Medically Reviewed by

Traya Expert

Published Date: March 18, 2026

Updated: March 18 at 12:20 PM

How does Biotin Support Hair Growth

Biotin supports hair growth by helping your body produce keratin, the structural protein that makes up each hair strand. Without enough biotin, keratin synthesis slows down, and hair can become thinner, more brittle, and prone to shedding. Deficiency is the main reason biotin supplementation affects hair - not because more is always better.

Key takeaways:

  • Biotin is a B-vitamin (B7) essential for keratin production

  • True biotin deficiency is rare but does occur in certain dietary patterns

  • Supplementing when levels are already normal may not change hair growth

  • UAE lifestyle factors like poor sleep, heat stress, and restrictive diets can affect B-vitamin absorption

  • Biotin works best as part of a broader nutritional approach, not a standalone fix

What Biotin Actually Is

Biotin is a water-soluble B-vitamin, also called Vitamin B7. Your body cannot store it in large amounts, which means a steady intake through food or supplements matters. It acts as a coenzyme - meaning it assists enzymes that carry out chemical reactions your body cannot complete without it.

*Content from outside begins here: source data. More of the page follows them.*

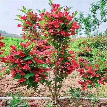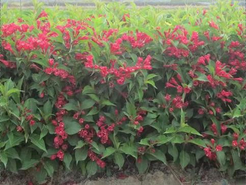 园林用途:红王子锦带株型美观,枝条修长,叶色独特,花朵稠密,花红艳丽,灿如锦带,盛花期孤植株型形似红球,既是在盛花期过后,红花点缀绿叶之中,也甚为美观,因此而得名“红王子”,已成为锦带花的换代品种,具有很高的观赏价值,当年苗即可开花,花期长(5-9月),只要有新叶萌发,就有红花作随。在园林中,既可孤植于庭院、居民小区、广场、公园、草坪中,也可从植于路旁,或可用来做色块,易与其他树种组合搭配。对氟化氢有一定的抗性,因此也可作为工矿区的绿化美化植物。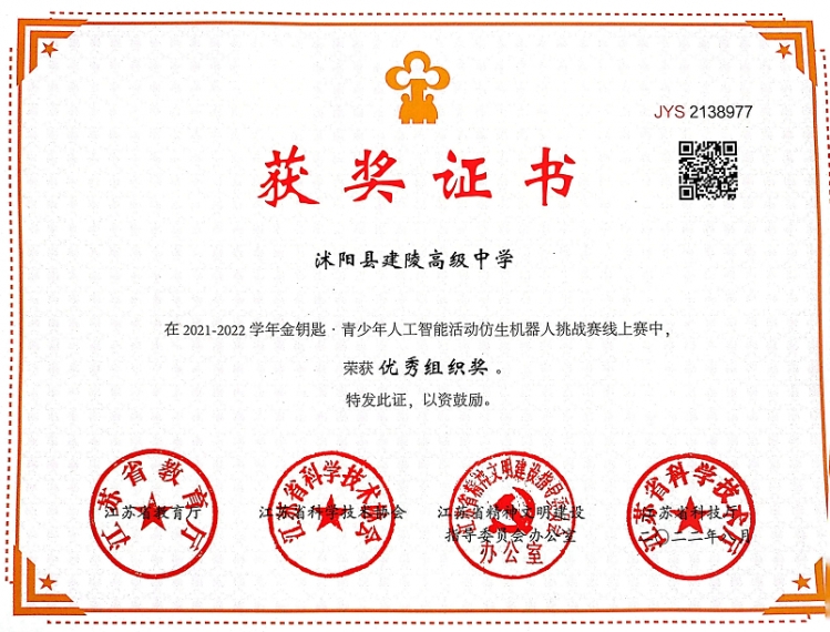 近日,江苏省中小学生金钥匙科技竞赛组委会公布了 2021—2022 学年青少年人工智能活动仿生机器人挑战赛的获奖结果(该赛事系江苏省教育厅审核通过的2021—2022学年全省中小学生竞赛活动项目,大赛由江苏省教育厅立项,江苏省科学技术协会、江苏省精神文明建设指导委员会办公室、江苏省科学技术厅主办)。沭阳县建陵高级中学代表队荣获一等奖1项,二等奖4项,三等奖1项。张令臣老师荣获“省级优秀指导老师”,沭阳县建陵高级中学喜获“省级优秀组织奖”。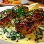 These baked chicken ricotta meatballs are tender and flavorful, perfectly complemented by a rich and creamy spinach Alfredo sauce for a comforting Italian-inspired meal.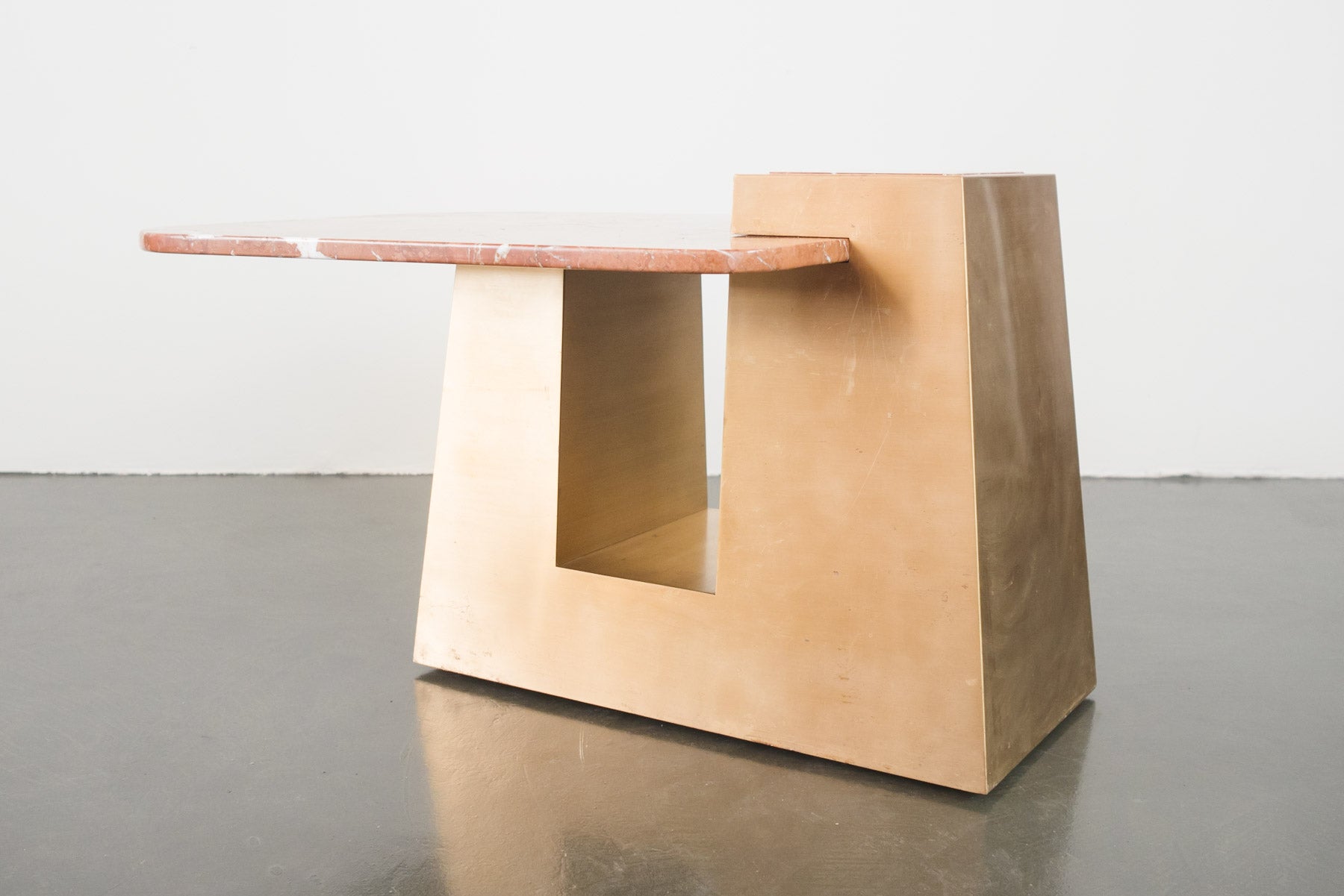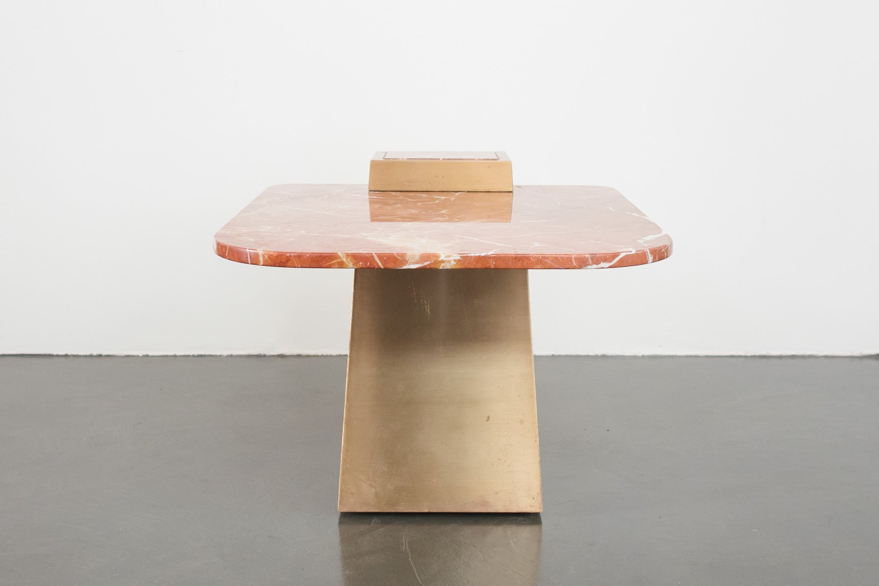 style: modern, geometric, regency, marble, coffee table, plant stand material: stone (marble), metal (brass) age: vintage condition: good, age related wear - see pictures

Among those reactions, one of the most relevant to hair is the metabolism of amino acids. Amino acids are the building blocks of protein, and protein is what hair is made of. Biotin helps your cells process these amino acids efficiently, which directly feeds keratin production in the hair follicle.

This is why biotin became associated with hair health in the first place. It is not a hair growth stimulant in the way that some people imagine - it does not push the follicle to produce more hair. Instead, it helps maintain the biological environment where healthy hair growth can happen naturally.

How Biotin Connects to Keratin and Hair Structure

Each hair strand is made almost entirely of a fibrous protein called keratin. Inside the hair follicle, specialised cells called keratinocytes produce keratin continuously. For this process to work, the cells need a constant supply of amino acids and the enzymes that process them.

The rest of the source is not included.